Photo provided by Hannah Tointon

In person, Modoo is extremely relaxed and personable.  Wearing a combination of his new (quite possibly soon iconic) pleated trousers paired elegantly with a relaxed Uniqlo pullover,providing credence to his claims that a pair of classic wool trousers are uniquely suited to adding variety and flexibility to a modern gentleman’s wardrobe, easily being dressed up or down. So sitting down before the official launch of his new capsule collection, we chatted about the his new brand.

GofO: Where did the concept of Kit Blake come from?

CM: When I moved on from Chester Barrie in the summer of 2017, my lifestyle changed. I looked at my wardrobe and I realised it needed to change along with it. I was rather top heavy in my wardrobe; I had loads of sports jackets and never enough pairs of trousers. I had too many clothes and nothing to wear: it’s a cliche, I know. I was thinking: I love Savile Row taste, and I love the classic looks. With that in mind I began to think about the place to start rebuilding my wardrobe. So, after speaking to a friend of mine, we started Kit Blake together. The name’s origin came from a fake name I used on Savile row; as ‘Kit’ is Christopher, and I happened to live down Blakes Lane. It was just a little fake name I used to put on Orders; I never planned to make Kit Blake into a label. We tried other names but ‘Kit Blake’ just seemed to fit. So I discussed the name with my business partner, he showed it to some friends, and his feedback was that everybody loved it. So it grew from there and we started making trousers. From that point we thought about how gentlemen want to dress nowadays. I’ve got a huge wardrobe after being in the trade thirty years, but the key foundations have to be a great pair of trousers, a great blazer, and a great overcoat. Then you style and grow your wardrobe from there. Many people mix some really nice sportswear with tailoring and it just looks so fresh. People may look at it as dressing down, but I see it as dressing up. The alternative is bad jeans, bad trainers, and pure street and sportswear. But, by mixing in tailoring: tailoring will survive.


Photo provided by Hannah Tointon

GofO: In your mission statement, you state you want to see a return to how men used to wear suits. Do you think suits are thought about differently by the current generation compared to previous generations?

CM: I think the difference is that the suit as we know it, a matching two piece, used to be the default setting. If in the 1950’s I went into a pub on a Saturday wearing a suit, no one would question it. Nowadays it’s, why are you wearing a suit? A suit is formal wear. So we’ve kind of replaced that and now no one would question if I went to a pub dressed like a teenager in a polo shirt, jeans and trainers. Which is, in my view, traditionally children’s wear. A suit is a more masculine, grown-up way of dressing which is comfortable. Retro dressing but contemporary.

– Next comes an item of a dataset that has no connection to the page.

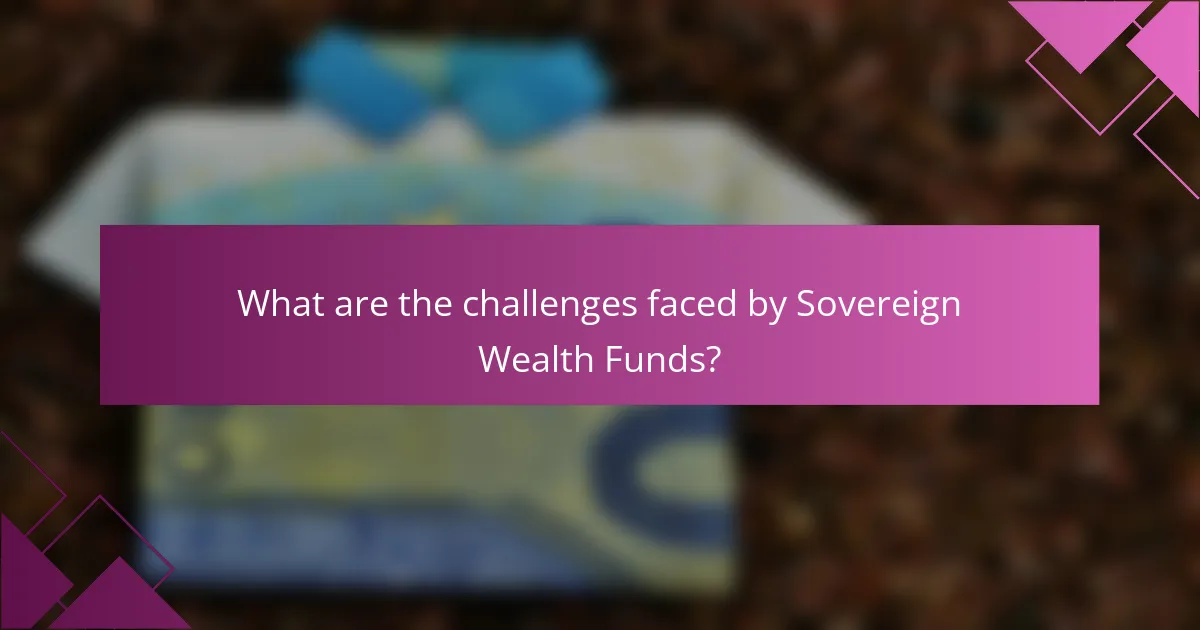 Sovereign Wealth Funds face several significant challenges. These include market volatility, which can impact investment returns. Political risk is another concern, as changes in government policies can affect fund operations. Additionally, transparency and governance issues can lead to public distrust. Currency fluctuations can also pose risks to international investments. Finally, achieving a balance between short-term gains and long-term goals is often difficult. Each of these challenges can hinder the effectiveness and stability of Sovereign Wealth Funds.

People needn’t be afraid to wear a little bit of tailoring and not to be scared of trousers. There is a real fear of trousers, and even in my world people say ‘Oh, your not wearing jeans on the weekend?’. To be honest I’m not the biggest fan of jeans, I don’t find them comfortable. I normally wear trousers everyday. Different pleats, different pleat depths, I’ve been trying a lot of tailoring on them in the last year. I will wear jeans now and again, when I know I will likely get dirty. The great thing I love about jeans is that they are machine washable. So if I’m emptying the warehouse or running errands around the house, jeans are fantastic. So don’t think I’m Anti-Jean, I just think they have their allotted role. It’s a shame that men think they cannot look beyond jeans when it comes to trousers. What I have found from doing Kit Blake is that men like to be shown their options. That they can pair well made trousers, a sweater, a nice coat and some modern sneakers to create a sophisticated look.

Photo taken by Gownsmith

GofO: How did Kit Blake come together with Gownsmith and Fear Watches for your one day capsule collection launch?

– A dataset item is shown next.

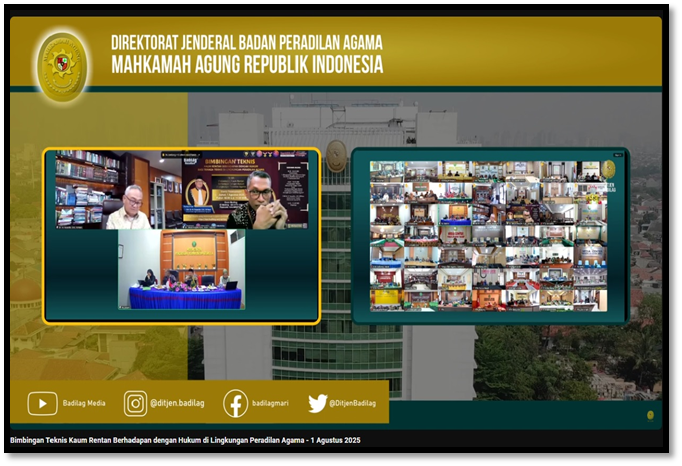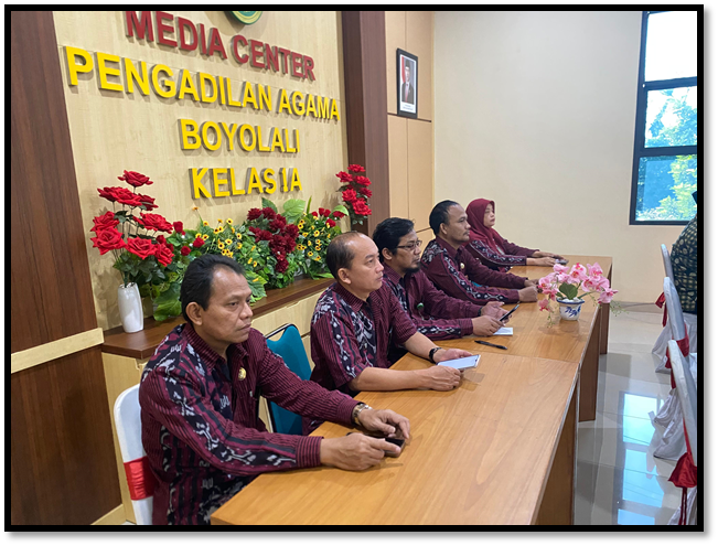 Bertempat di ruang Media Center Pengadilan Agama Boyolali, Ketua Pengadilan Agama Boyolali Bapak Senen, S.Ag, M.H., bersama Wakil Ketua, para Hakim, dan Seluruh Tenaga Teknis Pengadilan Agama Boyolali mengikuti Bimbingan Teknis yang diselenggarakan oleh Direktorat Jendral Badan Peradilan Agama secara virtual (zoom), Jumat, 01 Agustus 2025. Adapun tema Bimtek tersebut “Problematika Kaum Rentan Berhadapan dengan Hukum di Lingkungan Peradilan Agama". Bimtek ini diikuti oleh satuan kerja peradilan agama dari seluruh Indonesia. Kegiatan ini bertujuan meningkatkan kapasitas tenaga teknis dalam menangani perkara yang melibatkan kelompok rentan seperti perempuan, anak, penyandang disabilitas, dan masyarakat miskin.

CM: I’ve known Gownsmith beforehand. I knew of the brand and I knew Tom from his shoe business. He told me about his plans for a six week pop-up store in the heart of London and I thought it was a great idea. Pop-up stores are fantastic because it’s an occasion. I also loved the products of the other two brands at the store; Gownsmith with their bespoke dressing gowns and Fear watches. It’s a great collaboration. With these two brands here for the six weeks they said why not join them for one day and its worked out amazingly. It’s a great environment where we’re all learning from each other. We are all small businesses and we can pool our knowledge and experience. I would never of had that help if it hadn’t had this place, and I love being on the shop floor again. I was on the shop floor from 1992 to 2002 working in retail, and then retail management. After that I subsequently moved into office based roles where I realised I was more comfortable on the shop floor; meeting customers, watching people sell and handling the products. Where better to learn your styles? Coming here, being on the shop floor and actually selling: I absolutely love it. I love meeting people, seeing my product on people’s backs, and getting direct feedback.

Photo Taken by Me

GofO: What ideas do you hope people will take away from your collection?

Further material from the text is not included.